Он закричал, и от знакомого звука Тата оторвала лицо от ладоней. 

Вокруг было все то же — качка, ход, тьма, только скученность распределилась иначе: алтарем и свечкой была не печка, а светящееся красным светом тельце в руках у баб. Мать не была уже ничем: ей прикрыли глаза и забыли. Первый крик младенца вошел Тате витым, каленым, наждачным гвоздем через ухо — и вышел через другое. 

У ребер, поодаль солнечного сплетения, потянуло, напряглось. 
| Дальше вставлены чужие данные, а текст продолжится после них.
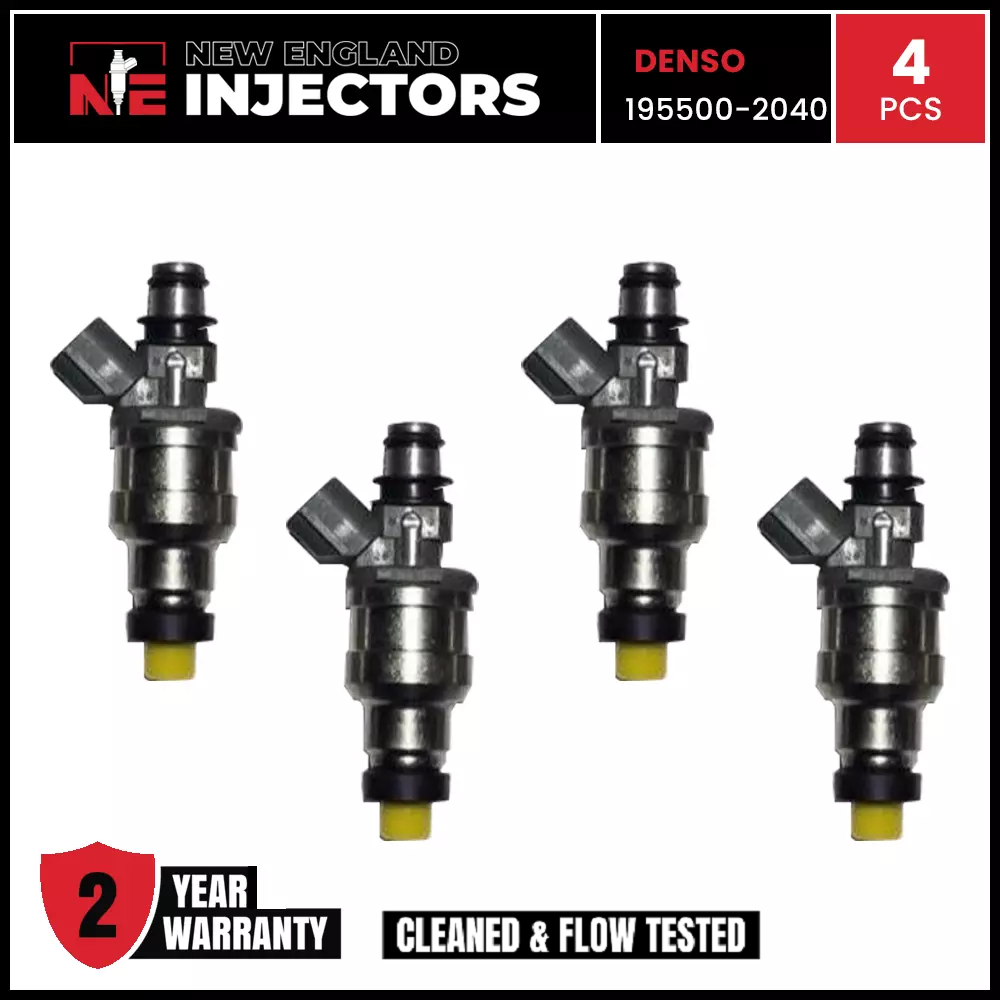 Remanufactured Denso 195500-2040 fuel Injector set of 4 for 1990-1995 Kia Sephia; Mazda 323, Protege, MX; Daihatsu Rocky. Professionally rebuilt to OEM specs using only genuine OEM injectors. Includes fast shipping and a 2-year warranty.

Мать унесли к вечеру, когда обходили с кипятком и хлебом, нахлестом сапога откатывая ворота теплушки, высекая оркестровый, горнящий, всепобеждающий звук соитием ведра и черпала. Тело матери не вызвало замешательства, но второе, спеленутое в хорошие, почти чистые, широкие, как парус, панталоны, на минуту остановило привычный ход дел, раздачу, плеск остывающего кипятка. Тот, что был главным, даже на мгновение ухо поджал к плечу, словно затек мыслью. Распрямился, велел младенца пока бдить, а на станции сдать. 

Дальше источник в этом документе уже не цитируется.